━━ Task data
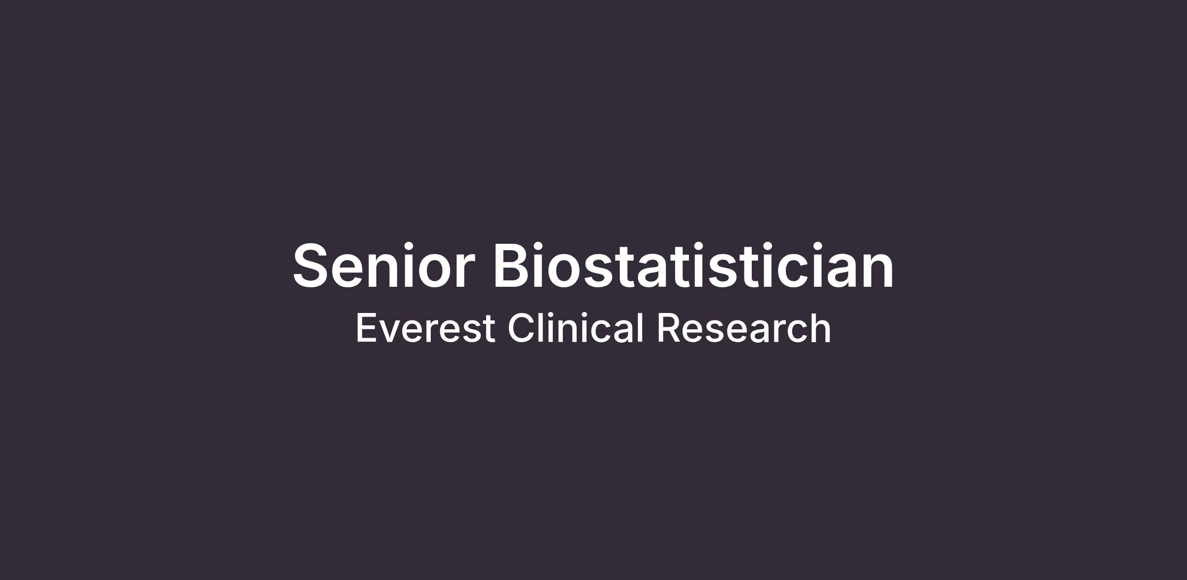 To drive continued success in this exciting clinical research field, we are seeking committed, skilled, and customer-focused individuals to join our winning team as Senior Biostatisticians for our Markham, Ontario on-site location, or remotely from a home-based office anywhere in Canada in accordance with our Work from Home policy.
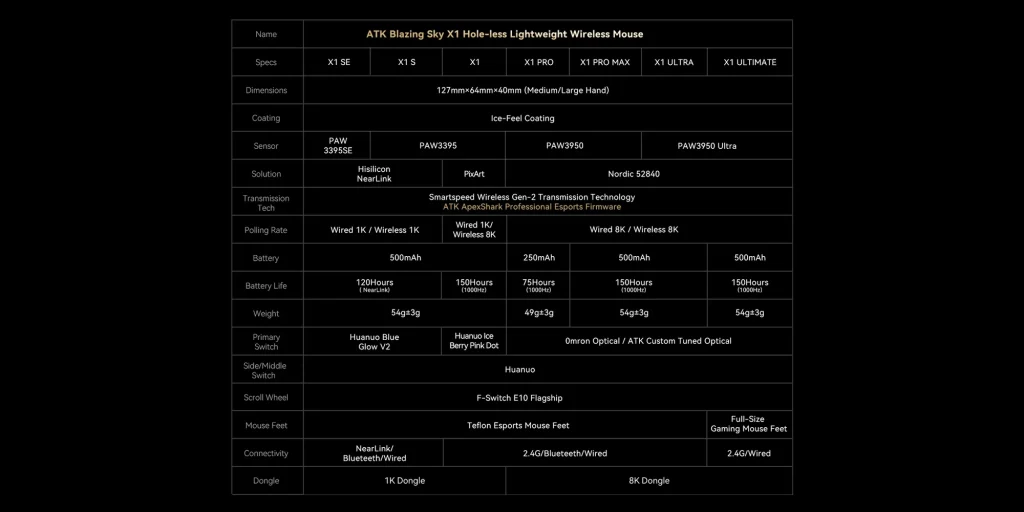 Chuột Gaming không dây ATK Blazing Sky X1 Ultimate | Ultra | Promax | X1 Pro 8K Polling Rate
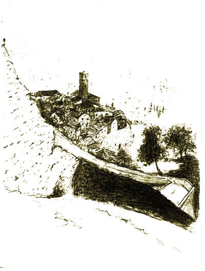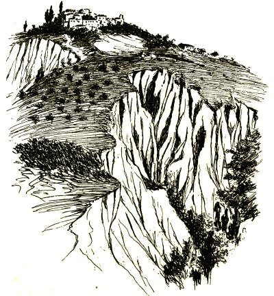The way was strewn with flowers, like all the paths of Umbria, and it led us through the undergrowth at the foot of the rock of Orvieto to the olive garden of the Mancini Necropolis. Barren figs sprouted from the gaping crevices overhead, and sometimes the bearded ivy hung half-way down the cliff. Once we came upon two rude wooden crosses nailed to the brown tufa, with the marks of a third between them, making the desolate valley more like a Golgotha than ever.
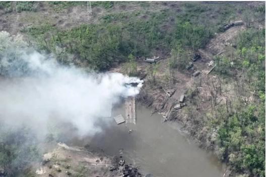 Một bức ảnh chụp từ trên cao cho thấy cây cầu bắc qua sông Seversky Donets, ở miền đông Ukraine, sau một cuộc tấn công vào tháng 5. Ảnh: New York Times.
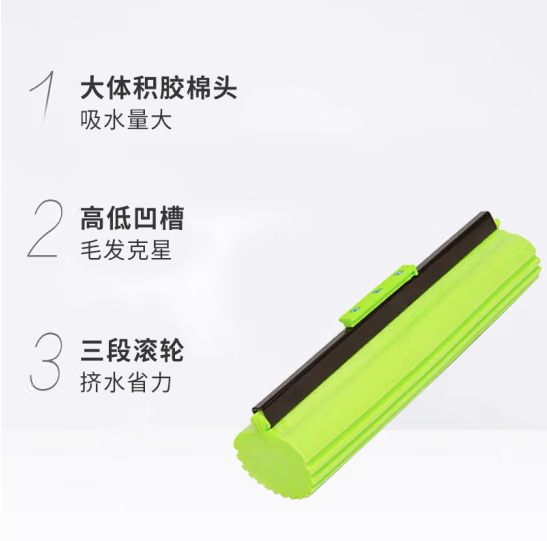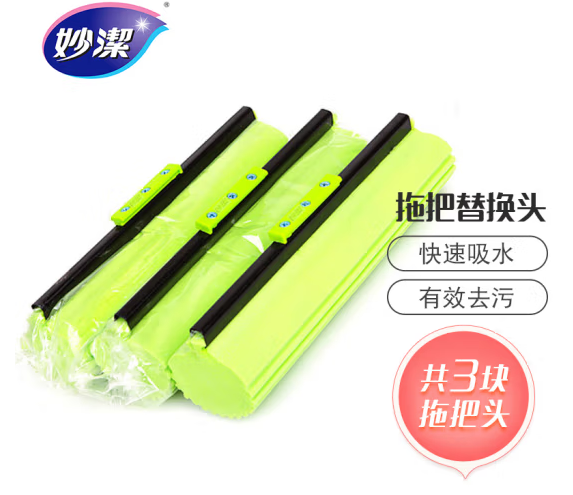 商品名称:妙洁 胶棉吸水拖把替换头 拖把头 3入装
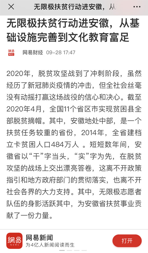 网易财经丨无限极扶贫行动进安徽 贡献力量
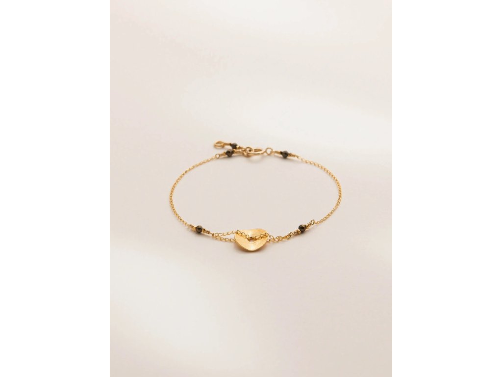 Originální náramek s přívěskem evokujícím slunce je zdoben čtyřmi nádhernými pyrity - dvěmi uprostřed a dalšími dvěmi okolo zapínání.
━━━━
All the material shown above is to be copied exactly, with no pictures carried over.

_Solved problem_
 To drive continued success in this exciting clinical research field, we are seeking committed, skilled, and customer-focused individuals to join our winning team as Senior Biostatisticians for our Markham, Ontario on-site location, or remotely from a home-based office anywhere in Canada in accordance with our Work from Home policy.
 Chuột Gaming không dây ATK Blazing Sky X1 Ultimate | Ultra | Promax | X1 Pro 8K Polling Rate
The way was strewn with flowers, like all the paths of Umbria, and it led us through the undergrowth at the foot of the rock of Orvieto to the olive garden of the Mancini Necropolis. Barren figs sprouted from the gaping crevices overhead, and sometimes the bearded ivy hung half-way down the cliff. Once we came upon two rude wooden crosses nailed to the brown tufa, with the marks of a third between them, making the desolate valley more like a Golgotha than ever.
 Một bức ảnh chụp từ trên cao cho thấy cây cầu bắc qua sông Seversky Donets, ở miền đông Ukraine, sau một cuộc tấn công vào tháng 5. Ảnh: New York Times.
 商品名称:妙洁 胶棉吸水拖把替换头 拖把头 3入装
 网易财经丨无限极扶贫行动进安徽 贡献力量
 Originální náramek s přívěskem evokujícím slunce je zdoben čtyřmi nádhernými pyrity - dvěmi uprostřed a dalšími dvěmi okolo zapínání.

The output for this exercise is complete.